You are viewing a plain text version of this content. The canonical link for it is here.
Posted to java-user@lucene.apache.org by Bingtao Yin <yb...@gmail.com> on 2017/12/03 02:42:25 UTC
Re: Optimize FTS memory footprint
Thanks, mike. I'm facing a similar problem.
I'm running a 2.0 elasticsearch cluster, and find the fst of _uid field
takes a lot of memory. The _uid field is not analyzed and generated by
elasticsearch, which also has high cardinality.
Is there any ways to reduce memory cost for _uid field? Thanks.
2017-11-29 5:47 GMT+08:00 elirev <el...@gmail.com>:
> Thanks Mike .
> I did not find any clear way to know it its FST or Norm , or something
> else ( unless i miss something ) the fact the FST is an in memory prefix
> index lead me to think it using most of the heap .
> Our mapping is normal with around of 200 columns one of the columns is
> nested object with limited amount of objects (up to 4 instances ) , we
> are using monthly base indexes (keep 6 month open ) . In last month i see
> dramatic extra allocation on the segment memory (around 30% where in
> regulare month is around 5%) , the only change i see is that the nested
> object is now include avg 8 instances ) , this increases the amount of
> the hidden document we have now on the index (about more then twice) .
> When we optimize the index the amount of allocation memory was reduced (we
> see it only after rolling restart the nodes ) .
>
> If you don't mind i have few question :
> 1) Do you know about an way to figure out which component is taking all
> this memory .
> 2) Do you see relation between the fact that the nested objects was
> increases to the extra memory allocation we have ?
> 3) Did FST memory usage is impacted by the fact we optimize the
> problematic
> index and why we see it only after restarting ES service
>
> Thanks mike
>
> .
>
>
>
>
>
>
> --
> Sent from: http://lucene.472066.n3.nabble.com/Lucene-Java-Users-
> f532864.html
>
> ---------------------------------------------------------------------
> To unsubscribe, e-mail: java-user-unsubscribe@lucene.apache.org
> For additional commands, e-mail: java-user-help@lucene.apache.org
>
>
Re: Optimize FTS memory footprint
Posted by Michael McCandless <lu...@mikemccandless.com>.
Try upgrading Elasticsearch -- it's up to 6.0 release just a few week ago
now -- its (and Lucene's) memory usage has decreased over time.

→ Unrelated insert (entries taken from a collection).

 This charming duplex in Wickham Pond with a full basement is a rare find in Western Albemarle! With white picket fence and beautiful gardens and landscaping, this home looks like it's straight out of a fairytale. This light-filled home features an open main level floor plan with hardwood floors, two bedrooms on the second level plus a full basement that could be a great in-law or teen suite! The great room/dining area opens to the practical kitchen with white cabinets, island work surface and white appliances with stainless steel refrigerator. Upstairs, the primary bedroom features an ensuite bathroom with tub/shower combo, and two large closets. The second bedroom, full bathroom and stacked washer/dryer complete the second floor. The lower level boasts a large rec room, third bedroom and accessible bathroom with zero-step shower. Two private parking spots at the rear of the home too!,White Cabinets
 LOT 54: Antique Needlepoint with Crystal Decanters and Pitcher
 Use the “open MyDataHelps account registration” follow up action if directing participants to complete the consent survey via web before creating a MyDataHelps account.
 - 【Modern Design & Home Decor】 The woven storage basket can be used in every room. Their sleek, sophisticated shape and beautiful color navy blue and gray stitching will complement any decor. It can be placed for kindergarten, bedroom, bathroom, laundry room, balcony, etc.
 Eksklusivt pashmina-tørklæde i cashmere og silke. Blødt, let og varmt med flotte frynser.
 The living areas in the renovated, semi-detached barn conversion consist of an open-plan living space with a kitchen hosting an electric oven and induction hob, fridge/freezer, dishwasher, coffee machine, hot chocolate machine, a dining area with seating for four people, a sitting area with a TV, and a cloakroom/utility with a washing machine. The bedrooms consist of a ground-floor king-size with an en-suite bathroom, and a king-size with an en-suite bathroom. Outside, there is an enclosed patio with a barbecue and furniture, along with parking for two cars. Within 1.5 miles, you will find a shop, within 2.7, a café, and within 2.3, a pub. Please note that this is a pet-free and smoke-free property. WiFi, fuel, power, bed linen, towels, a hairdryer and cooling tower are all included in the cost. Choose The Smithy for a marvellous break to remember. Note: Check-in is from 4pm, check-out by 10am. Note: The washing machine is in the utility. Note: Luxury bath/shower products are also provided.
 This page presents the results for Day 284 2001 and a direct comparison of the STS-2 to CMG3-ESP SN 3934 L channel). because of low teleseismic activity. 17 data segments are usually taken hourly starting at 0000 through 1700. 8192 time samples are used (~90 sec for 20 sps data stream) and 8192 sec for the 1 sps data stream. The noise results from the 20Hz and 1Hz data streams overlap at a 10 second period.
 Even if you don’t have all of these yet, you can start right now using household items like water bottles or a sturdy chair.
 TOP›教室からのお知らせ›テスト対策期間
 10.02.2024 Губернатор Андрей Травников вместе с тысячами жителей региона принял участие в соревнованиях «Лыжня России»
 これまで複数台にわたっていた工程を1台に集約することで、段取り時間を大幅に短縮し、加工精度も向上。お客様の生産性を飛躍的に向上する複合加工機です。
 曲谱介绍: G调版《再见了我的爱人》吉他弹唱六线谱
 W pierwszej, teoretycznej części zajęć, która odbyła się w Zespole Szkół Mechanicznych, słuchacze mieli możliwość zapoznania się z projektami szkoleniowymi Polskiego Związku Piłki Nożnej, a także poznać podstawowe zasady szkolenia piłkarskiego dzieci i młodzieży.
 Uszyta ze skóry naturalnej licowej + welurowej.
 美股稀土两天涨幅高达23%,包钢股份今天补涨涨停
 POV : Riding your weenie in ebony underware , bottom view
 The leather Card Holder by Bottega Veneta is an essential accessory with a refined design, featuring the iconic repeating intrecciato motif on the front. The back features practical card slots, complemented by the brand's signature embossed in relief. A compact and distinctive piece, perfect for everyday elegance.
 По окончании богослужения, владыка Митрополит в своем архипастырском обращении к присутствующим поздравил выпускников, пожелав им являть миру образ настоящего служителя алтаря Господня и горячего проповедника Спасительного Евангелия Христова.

The _uid field in particular will always be costly, unfortunately. Since
it's a primary key, every term will be unique, and the term index has to
work hard to store all the prefixes for those keys.
Mike McCandless
http://blog.mikemccandless.com
On Sat, Dec 2, 2017 at 9:42 PM, Bingtao Yin <yb...@gmail.com> wrote:
> Thanks, mike. I'm facing a similar problem.
> I'm running a 2.0 elasticsearch cluster, and find the fst of _uid field
> takes a lot of memory. The _uid field is not analyzed and generated by
> elasticsearch, which also has high cardinality.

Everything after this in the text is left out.